Sunday, July 7, 2013
THE ILLUSION OF RUGGED INDIVIDUALISM
I am not a self made person. No one is. We depend on our fellow human beings, whether parents, siblings, relatives, neighbors, teachers, or hundreds of others who influence our lives. I owe my academic life to the dedication of my elementary, junior high, and high school teachers, who encouraged me, praised me, and greatly expanded my knowledge. I learned from my father how to read a lot and how to learn from those who call themselves communists, liberals, Democrats, Republicans, conservatives, and even reactionaries. I learned from my blind teacher, Morris Cohen, while reading the classics of Western Civilization to him, that every generation experiences existential issues and we respond in different ways. I consider myself an amalgam of Job, Ecclesiastes, Plato, Socrates, Aeschylus, Sophocles, Euripides, Aristotle, Epictetus, Epicurus, Marcus Aurelius, Dante, Machiavelli, Rabelais, Montaigne, Francis Bacon, Pepys, Copernicus, Galileo, Condorcet, Darwin, and Freud. All of that before I attended NYU as an undergraduate. I assimilated Muller as my mentor at Indiana University.

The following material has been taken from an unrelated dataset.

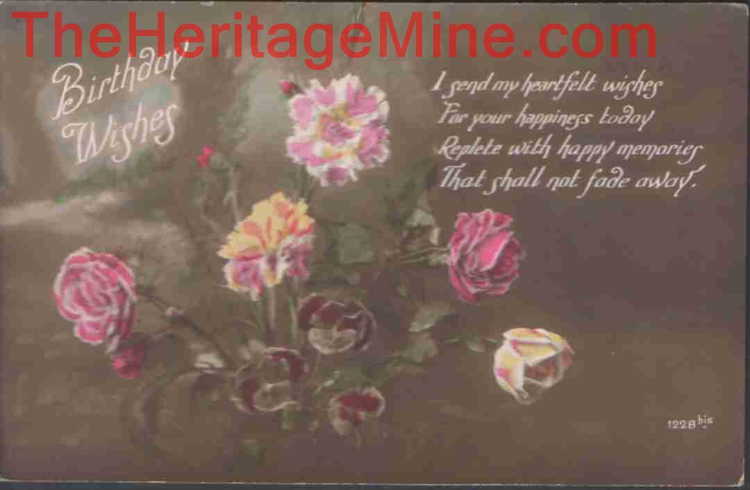 Birthday card, posted 28th January, 1917. 1901 census, 49 Norfolk Street, Norwich: Emma Ditcham 46, Florence Ditcham 16, born Norwich, Norfolk, England, Gertrude Ditcham 12, Isaac Henry Ditcham 48, Yarmouth, Norfolk, England.

Throughout my life ideas have come from reading essays, classics, and novels. I even learned as a child reading comic books (True Comics and Real Heroes were my favorites) and used that knowledge even in the Honors College at Stony Brook University (I remembered that the first submarine was used in the Revolutionary War in New York Harbor thanks to True Comics).
I am doubtful when people proclaim they are rugged individualists and that depending on others is a sign of weakness or a weak personality seeking a dole or stealing the “hard earned” profits of the thrifty. I think of Bounderby in Charles Dickens’s novel, Hard Times, who proclaimed he was a self made millionaire. He was a phony. We are social beings. We get depressed or go mad if we are isolated from other human beings. No one of us can make all the things we need to live – our clothes, growing our food, slaughtering our animals, making our pencils and paper, building our homes, making our own airplanes, making our own phones and computers. We benefit from diversity. The less diverse we are and the more we share a common set of beliefs, the more narrow and intolerant we can become, narrowing the universe around us. I praise the person who gave the money that enabled me to go to NYU on a scholarship. I praise the government for providing the National Science Foundation and the National Institutes of Health that provided fellowships so I could benefit from graduate studies and research at Indiana University. I thank the people of Indiana and the people of New York for supporting through their tax dollars two first rate centers of learning – Indiana University and Stony Brook University. I thank government regulators for protecting my health and providing confidence that the foods I eat, the air I breathe, and the medicines I require, have been screened for agents that can induce mutations, cancers, or cause birth defects. If I had not had this generosity of society and individuals caring about each other I would not be writing this article. I would have made a living as an elevator operator like my father. There is nothing wrong with hard labor but what a pleasure it is to write and teach and share the knowledge I have gained to a far wider portion of humanity. Thank you, all of you, for your kindness.